Le roi décide d'organiser dans quelques semaines le plus beau bal masqué pour démontrer que sa Cour est de loin la plus fastueuse de toute l'Europe.
Qui d'autres que vous Grands Maîtres Couturiers de la cour pour organiser cette fête, qui doit rester parmi les plus mémorables de l'Histoire ! Confectionner des robes pour habiller les convives, organiser l'ambiance musicale du palais, trouvez tous les moyens possible pour gagner les faveurs du Roi. Le joueur qui aura le plus prestige auprès du roi l'emportera."
"Voici un peu comment se présente la chose (prévoyez un grande table, un grand verre d'eau glacée, les neurones vont bouillir)"
Résumé des règles du jeu :
La règle étant assez volumineuse (mais pas si complexe qu'il n y parait), je vais me limiter à décrire les principaux mécanismes, pour plus de détails, le Tric Trac TV (voir ici) avec Mr Guillaume (qui était encore à Filosofia) à l'animation est vraiment très bonne.

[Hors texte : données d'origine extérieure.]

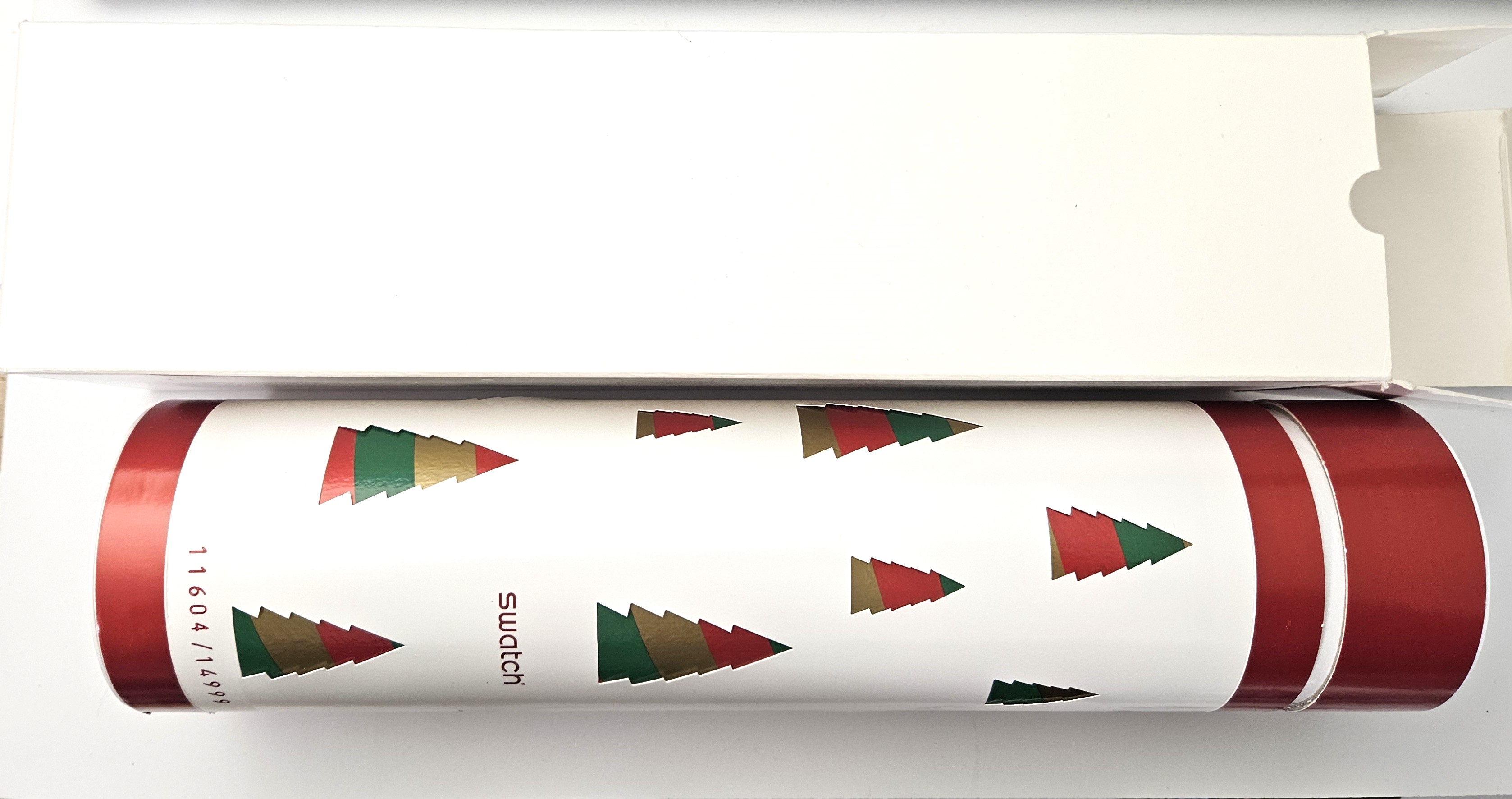 Swatch Special 2014 - SUOZ709S - Holiday Twist - NUOVO - Occasione Natale 2014 - Edizione limitata questo è il numero 11604/14999 perfettamente funzionante nella sua custodia originale - Display analogico - Resistente all'acqua fino a 3 bar - Tipo di movimento Quarzo Svizzero - Cassa e Cinturino in Plastica
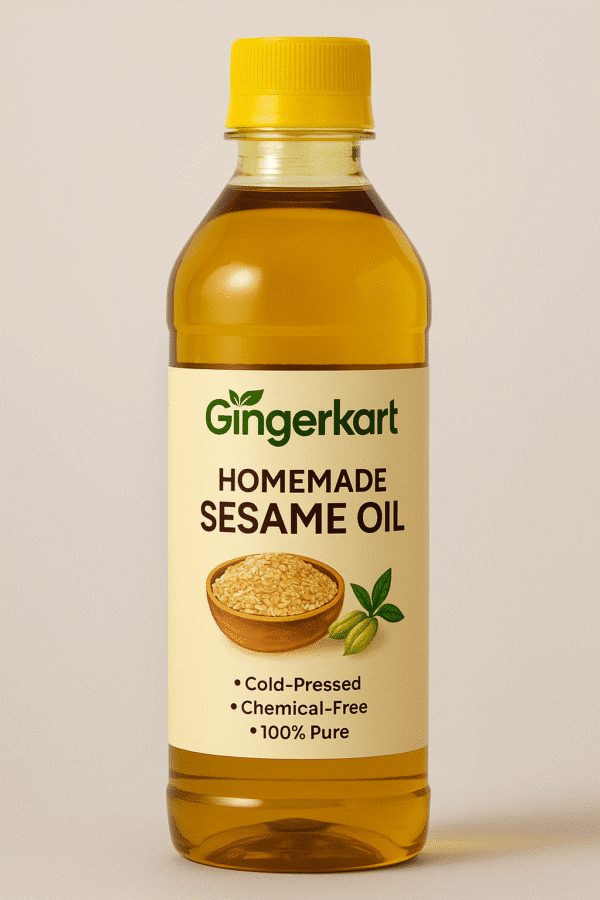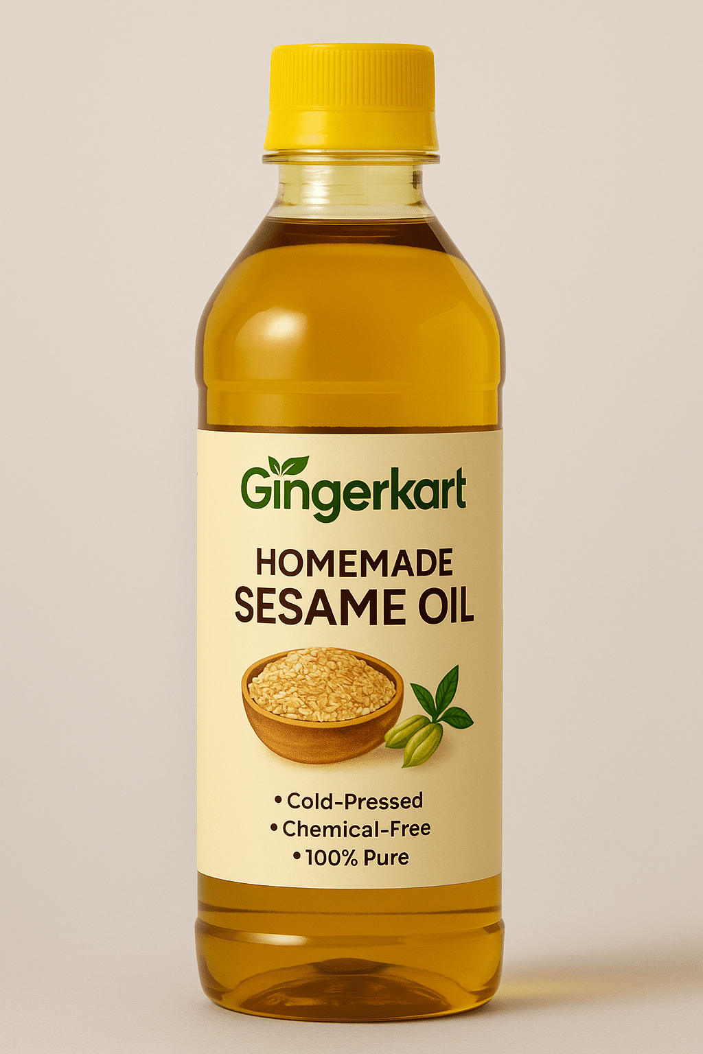 Experience the authentic taste and goodness of GingerKart Homemade Sesame Oil, traditionally extracted using the cold-press method to preserve its nutrients, flavor, and natural aroma. Unlike refined oils, our sesame oil is 100% pure, chemical-free, and preservative-free, ensuring every drop is packed with wholesome nutrition.
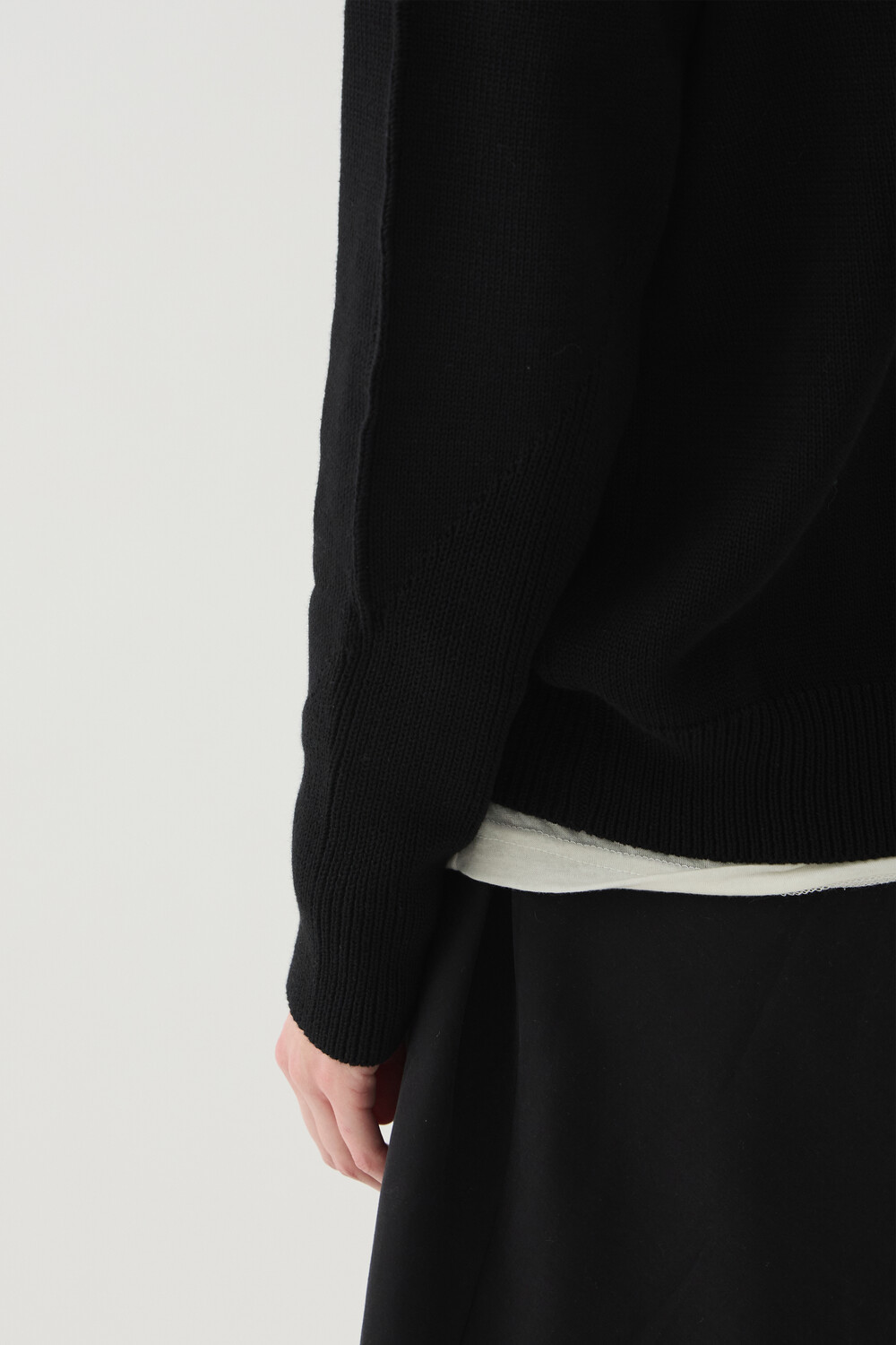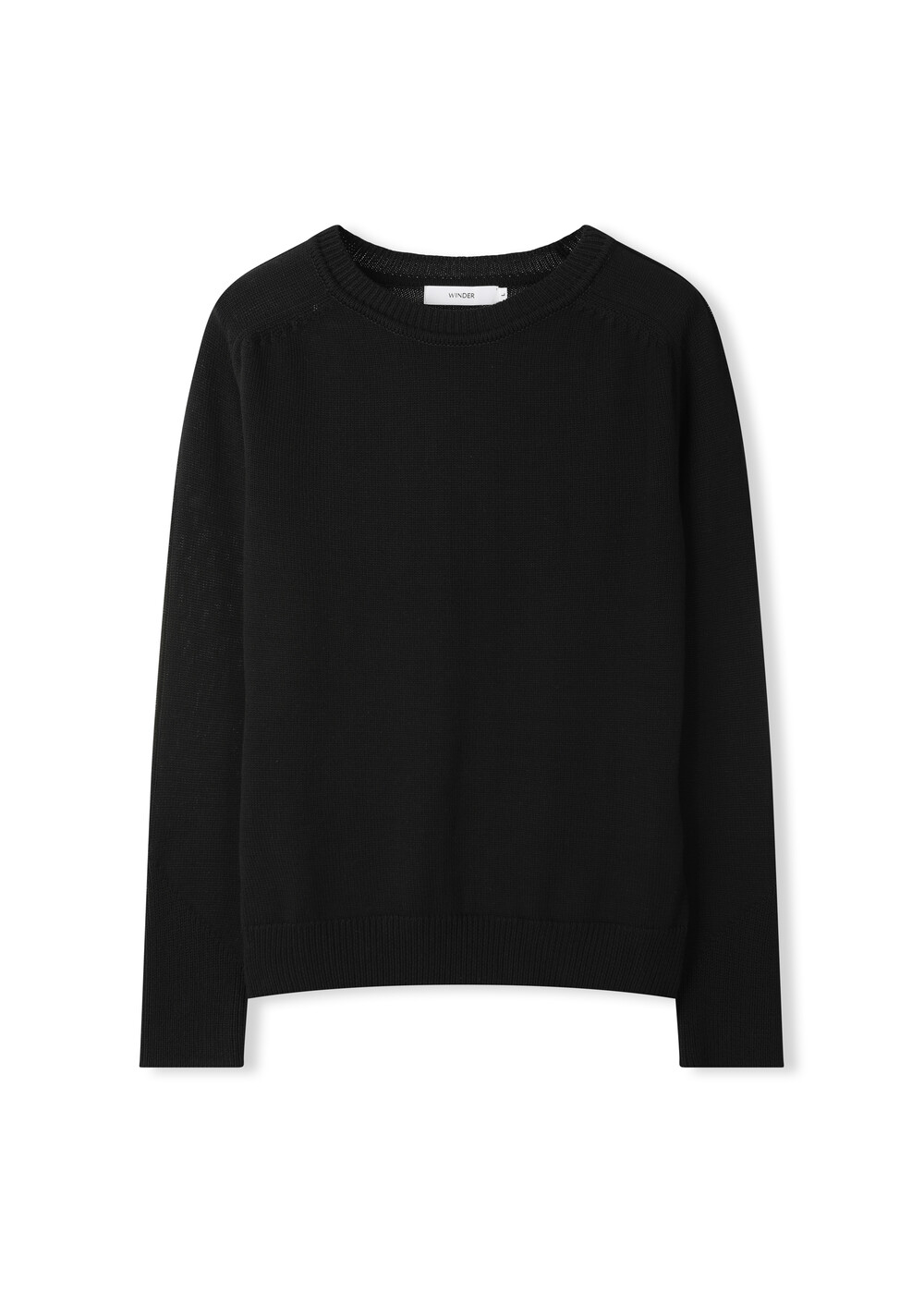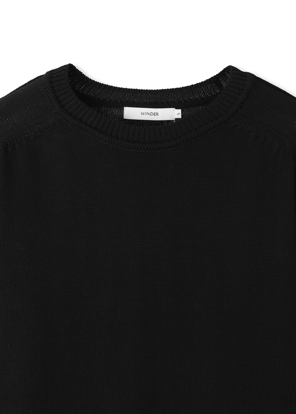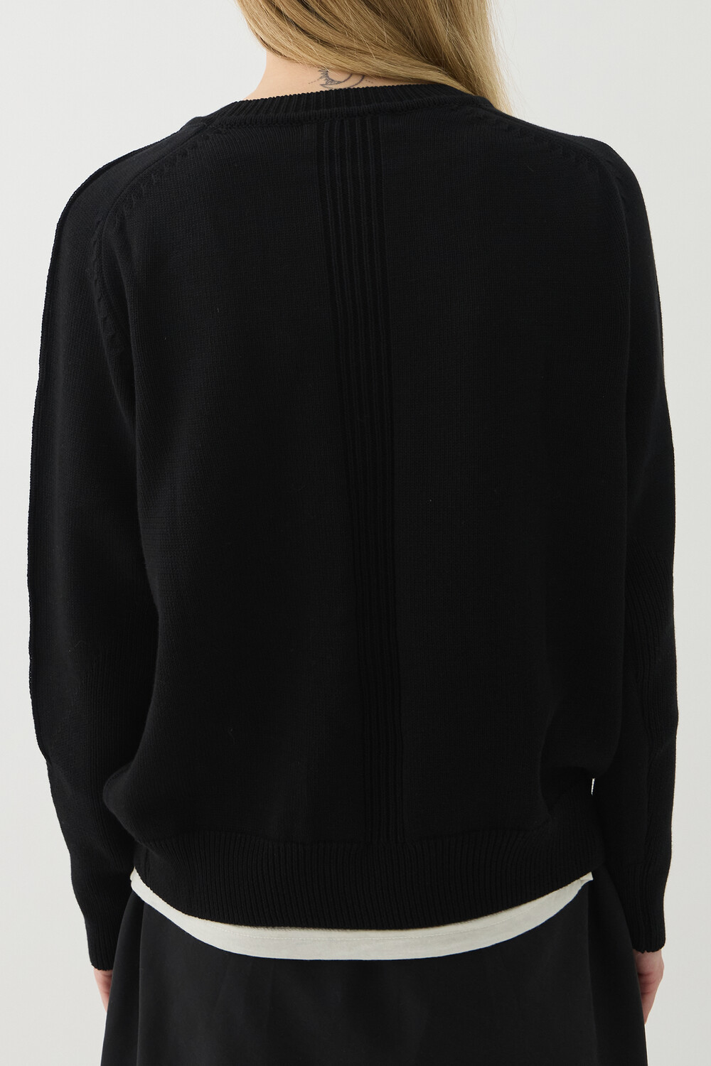 PINTUCK COTTON RAGLAN SWEATER - BLACK (W)
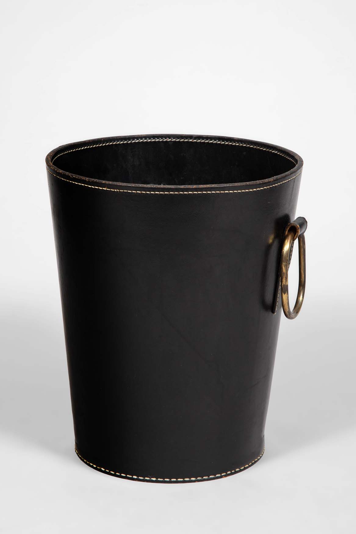 | Description | A leather paper bin with brass ring, Austria, 1950. |
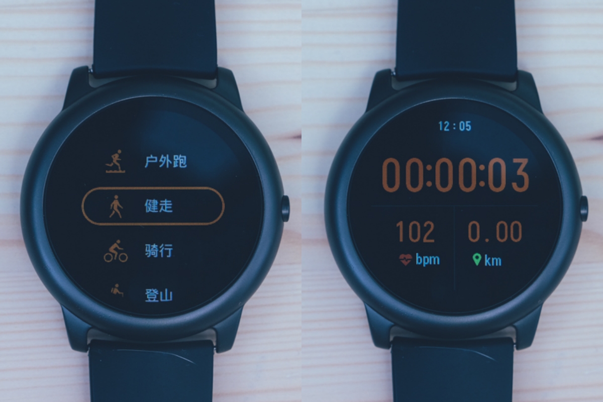 運動記錄的操作也很簡單,只要選擇運動模式就可以開始記錄,在運動的過程中隨時也可以查看目前的時間、心率以及距離。
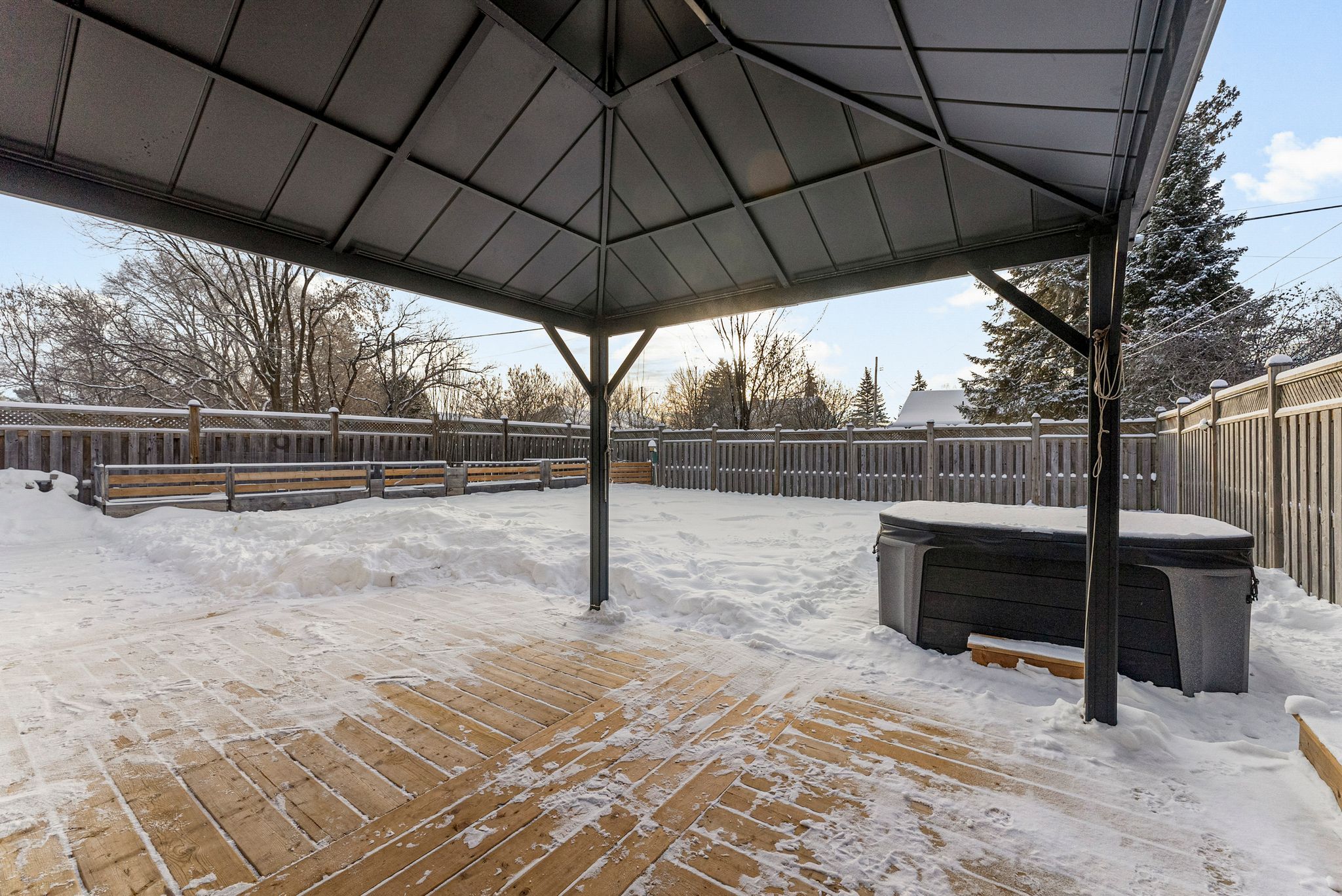 • New deck with gazebo and hot tub, perfect for year-round entertaining.
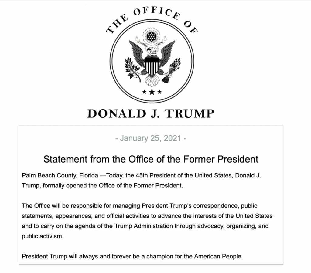 팜비치 카운티, 플로리다 - 오늘 미국 45대 트럼프 대통령은 전 대통령 사무실을 공식 개시했습니다.
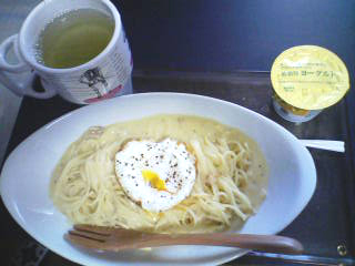 昼 : カルボナーラ、ヨーグルト、緑茶(コラーゲン入り)
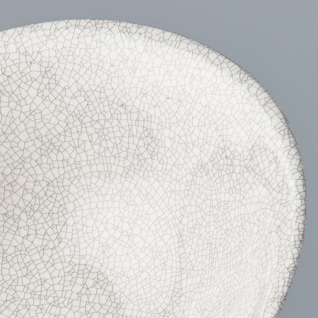 Misa ma silnie spękaną powierzchnię w błyszczącym szkliwie i nieregularną krawędź, co sprawia wrażenie, że została sklejona.
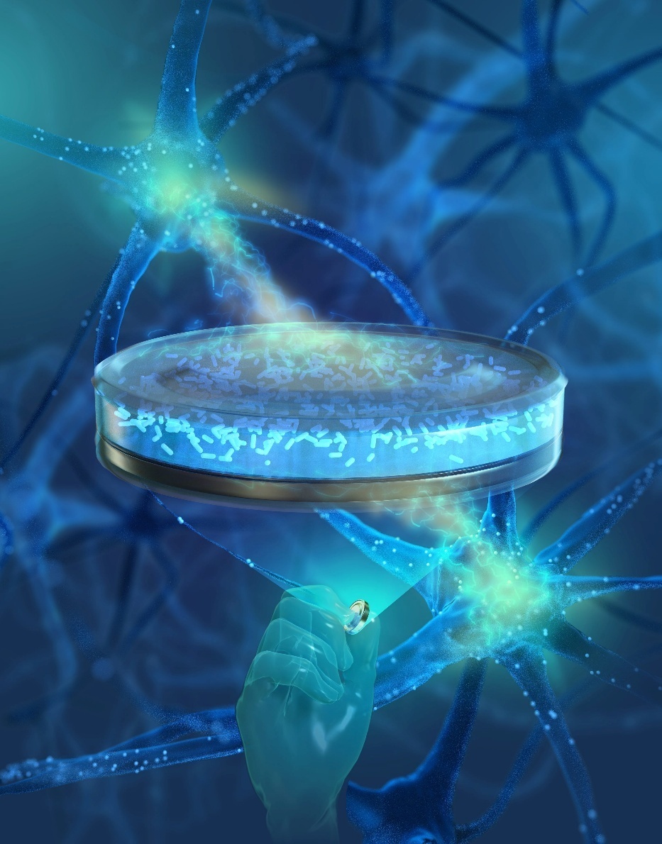 该项成果来自中国科学院深圳先进技术研究院(简称“深圳先进院”)定量合成生物学全国重点实验室钟超团队联合深圳先进院集成所神经工程中心刘志远团队、深圳大学王任衡团队,目前已经在《先进材料》上发表。
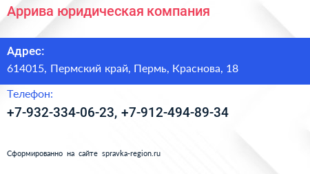 Аррива, юридическая компания по адресу 614015, Пермский край, Пермь, Краснова, 18 в дальнейшем Организация, размещена в следующих категориях:

Le jeu est divisé en 7 tours, eux-même divisés en deux phases.
Pendant la première phase, chaque joueur va tout d'abord sélectionner dans sa pioche trois cartes dans sa pioche (contrairement à la majeure partie des deck-building où on pioche au hasard), qui seront ces trois ouvriers pour la phase principale. Ces cartes représentent soit un apprenti (dé à coudre gris), soit un compagnon (dé argenté), soit un grand maître Couturiers (dé doré). Elles possèdent également une caractéristique particulière (Action secondaire dans la cartouche en dessous du personnage).
Ensuite vient la phase principale : chaque joueur va réaliser tour à tour une action en jouant une de ses cartes, jusqu'à ce que tout le monde passe.
Il peut ainsi :
- acquérir de la soie, de la laine ou de la dentelle dans l'entrepôt (action disponible pour tous les commis)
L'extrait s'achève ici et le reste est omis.